# [ASSIGNMENT]
Repeat these records exactly, pictures excluded.

# [EXTRACTED INFORMATION]
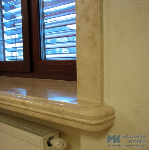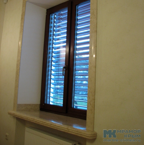 Мраморный подоконник с наличниками на оконный проем. Конструкция армированная, самонесущая. Материал - натуральный мрамор Crema Mare. Толщина подоконника - 60 мм. Нижние части откосов оконного проема также облицованы мрамором для упрощения процесса чистки поверхности. Цвет мрамора и фаска подоконника могут быть изменены по запросу.
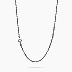 The Diamonds'N'Roses Silver Chain in oxidized silver with tsavorite is a luxurious and sophisticated accessory. Featuring 0.22 ct pave set tsavorite, this chain offers a rich, vibrant green hue that complements any ensemble.
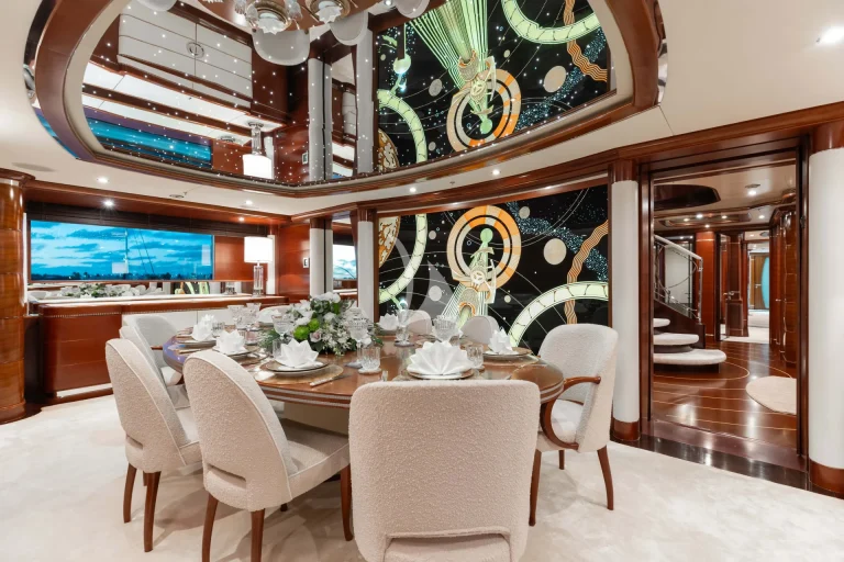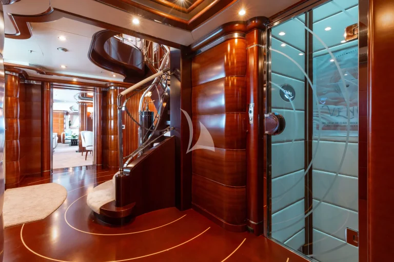 She also has a full-beam sky lounge, an indoor gym, a glass-paneled elevator, a beach club and one of the most impressive sundecks ever created for a yacht of this size.
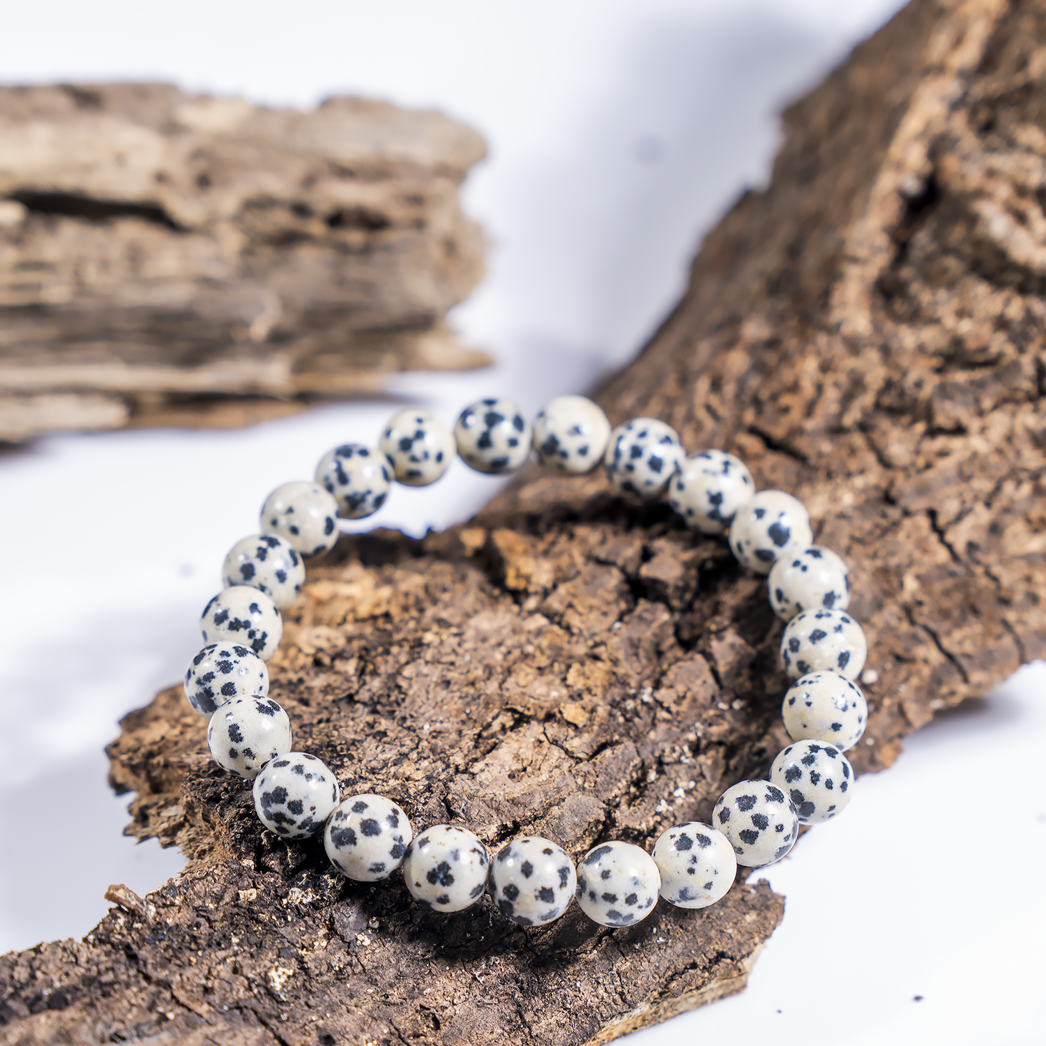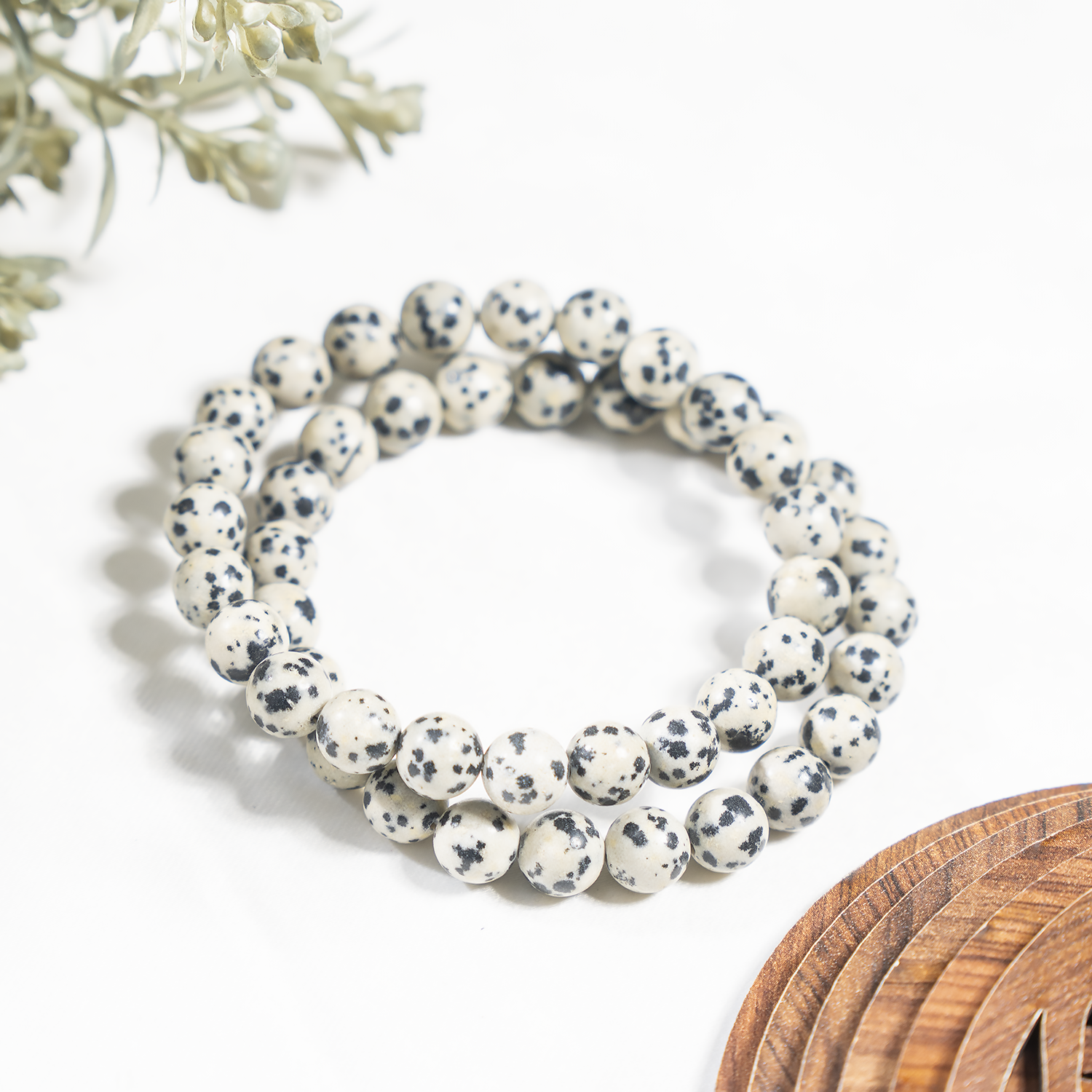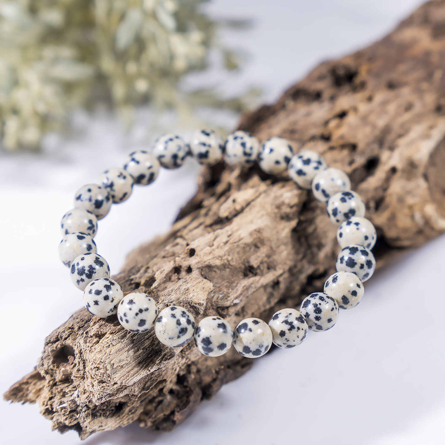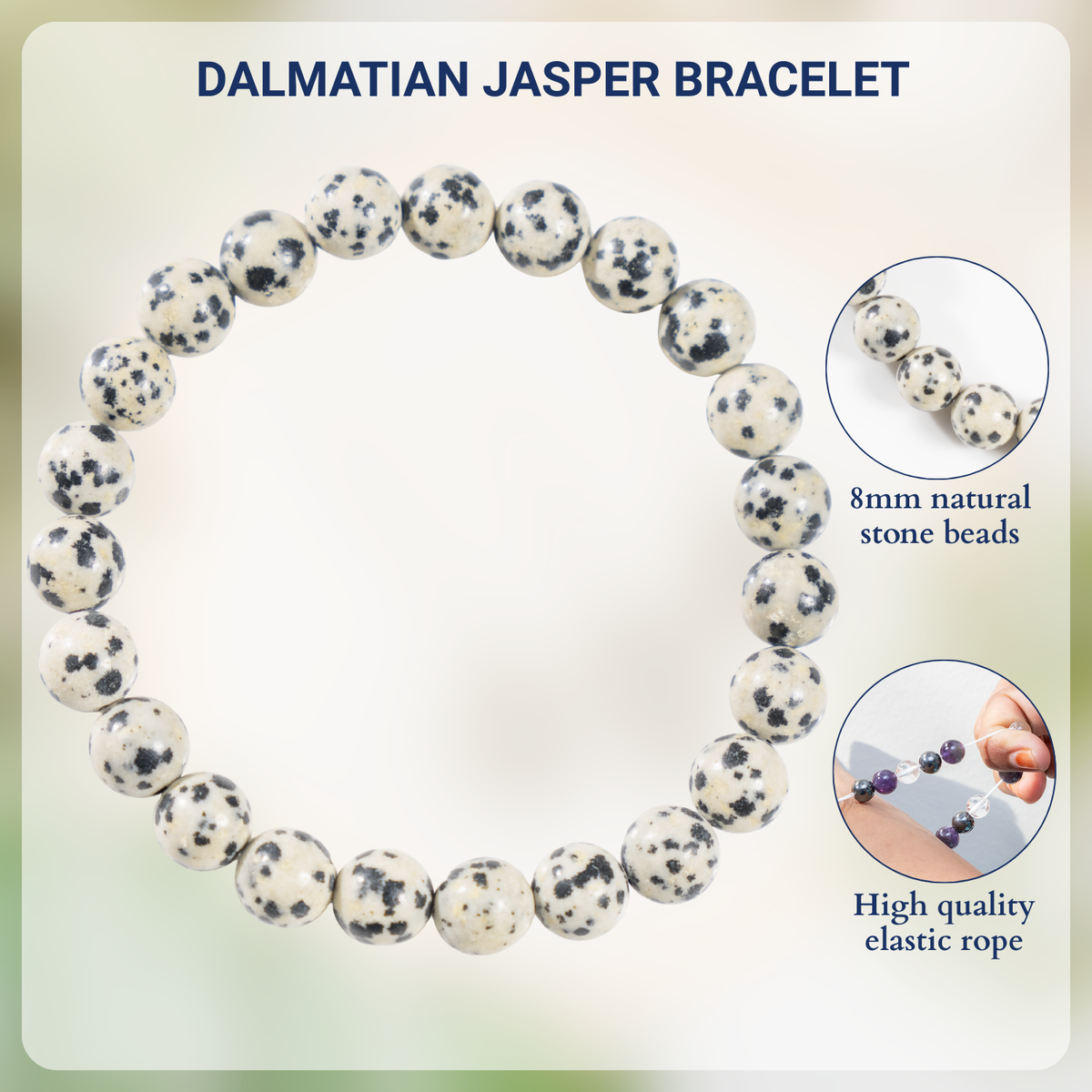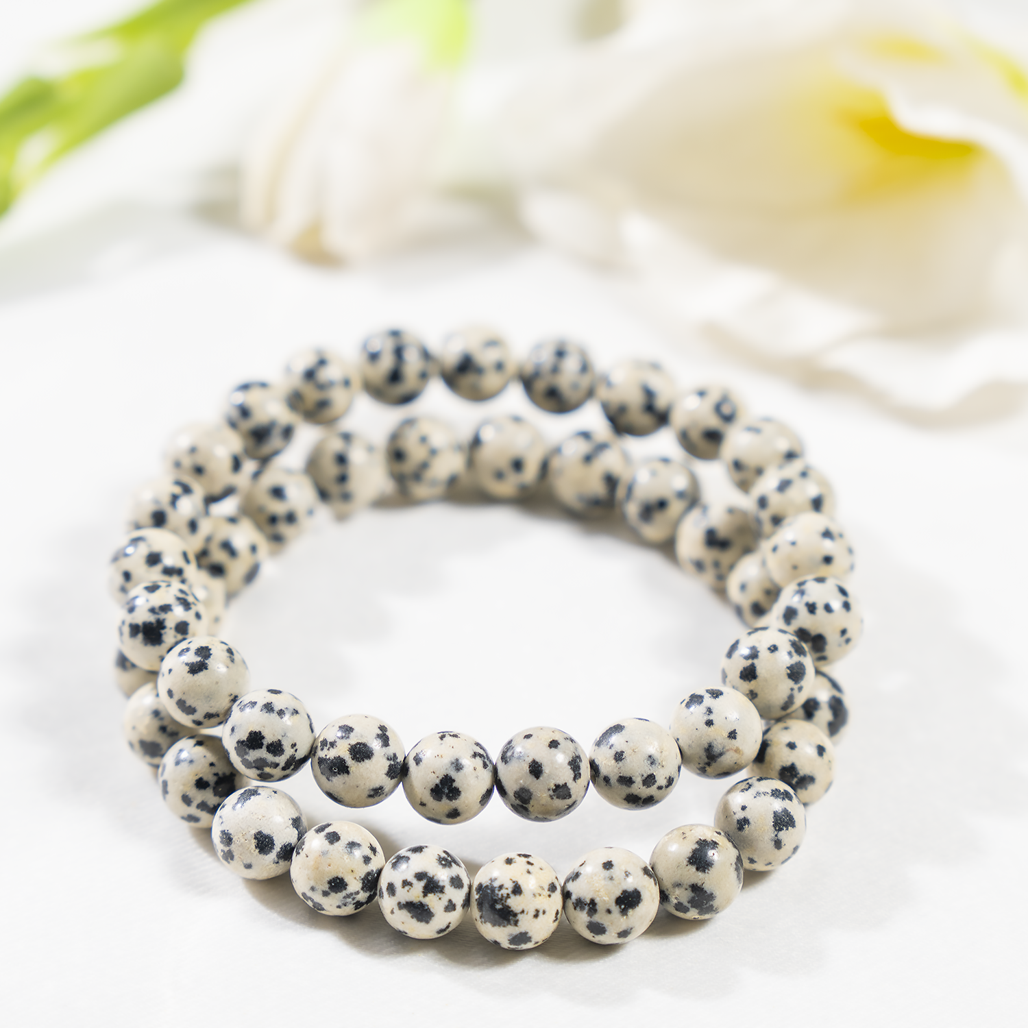 A playful Dalmatian Jasper bracelet featuring cream-colored stones with natural black spots, known for its joyful and grounding energy.
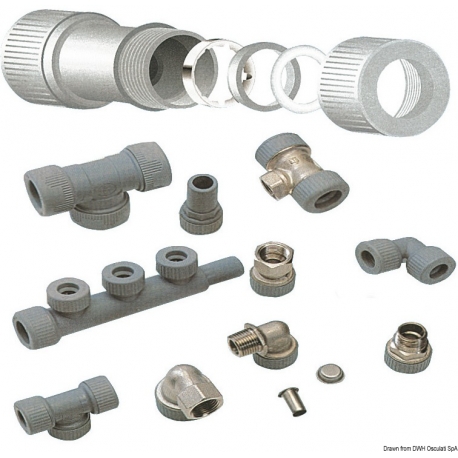 Directe klikmontage. Schuif de buis eenvoudig op de fitting voor montage. De fitting is herbruikbaar ; vervang simpelweg de borgring. De fittingen zijn gemaakt van polyamide en de buizen van polyethyleen . RINA-goedgekeurde fittingen met certificaat MAC/119897/1TO/98.
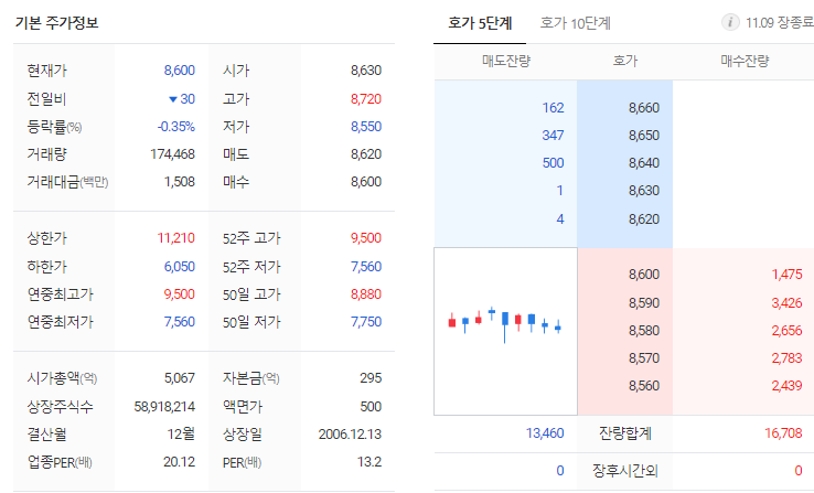 파트론 현재 주가는 8,630원이며 전일 대비 -40원의 모습을 보이고 있습니다. 파트론의 주주현황을 살펴보면 김종구(외 12인)이 지분 25.45%를 소유하고 있습니다. 파트론는 휴대폰 및 관련부품 기업으로 장중 기준으로 주가는 8,630원 입니다. 파트론 시가 총액은 5067억 원이며 발행 주식수는 16.21주 입니다. 외국인 보유 비중은 184,088% 이며 장중 거래량은 58,918,214를 기록했습니다. 매출액은 5,577억 원, 영업이익은 568억 원을 달성했습니다. EPS는 569원이며 파트론 주식 배당수익률은 3.70% 입니다.
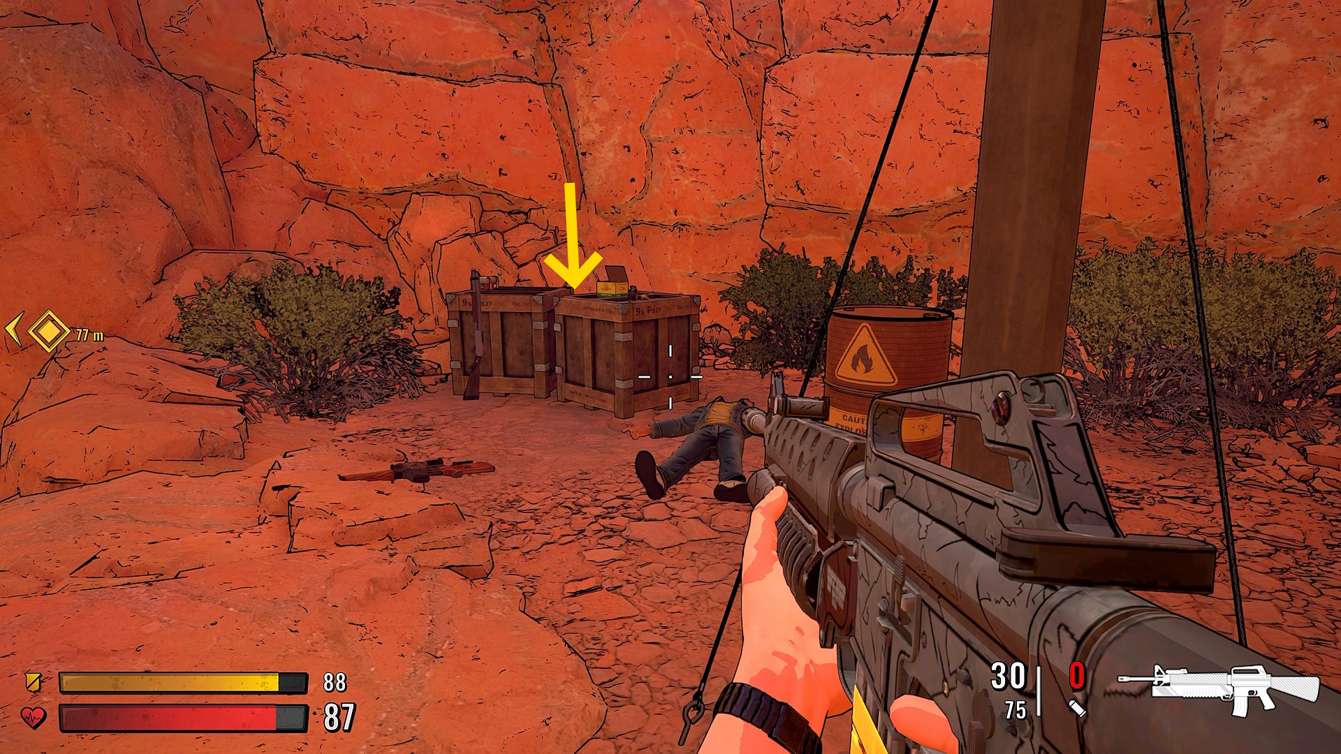 - 少し進むと木箱が見え、そこにアーマーやスナイパーライフルがある

# [ANSWER BOX]
 Мраморный подоконник с наличниками на оконный проем. Конструкция армированная, самонесущая. Материал - натуральный мрамор Crema Mare. Толщина подоконника - 60 мм. Нижние части откосов оконного проема также облицованы мрамором для упрощения процесса чистки поверхности. Цвет мрамора и фаска подоконника могут быть изменены по запросу.
 The Diamonds'N'Roses Silver Chain in oxidized silver with tsavorite is a luxurious and sophisticated accessory. Featuring 0.22 ct pave set tsavorite, this chain offers a rich, vibrant green hue that complements any ensemble.
 She also has a full-beam sky lounge, an indoor gym, a glass-paneled elevator, a beach club and one of the most impressive sundecks ever created for a yacht of this size.
 A playful Dalmatian Jasper bracelet featuring cream-colored stones with natural black spots, known for its joyful and grounding energy.
 Directe klikmontage. Schuif de buis eenvoudig op de fitting voor montage. De fitting is herbruikbaar ; vervang simpelweg de borgring. De fittingen zijn gemaakt van polyamide en de buizen van polyethyleen . RINA-goedgekeurde fittingen met certificaat MAC/119897/1TO/98.
 파트론 현재 주가는 8,630원이며 전일 대비 -40원의 모습을 보이고 있습니다. 파트론의 주주현황을 살펴보면 김종구(외 12인)이 지분 25.45%를 소유하고 있습니다. 파트론는 휴대폰 및 관련부품 기업으로 장중 기준으로 주가는 8,630원 입니다. 파트론 시가 총액은 5067억 원이며 발행 주식수는 16.21주 입니다. 외국인 보유 비중은 184,088% 이며 장중 거래량은 58,918,214를 기록했습니다. 매출액은 5,577억 원, 영업이익은 568억 원을 달성했습니다. EPS는 569원이며 파트론 주식 배당수익률은 3.70% 입니다.
 - 少し進むと木箱が見え、そこにアーマーやスナイパーライフルがある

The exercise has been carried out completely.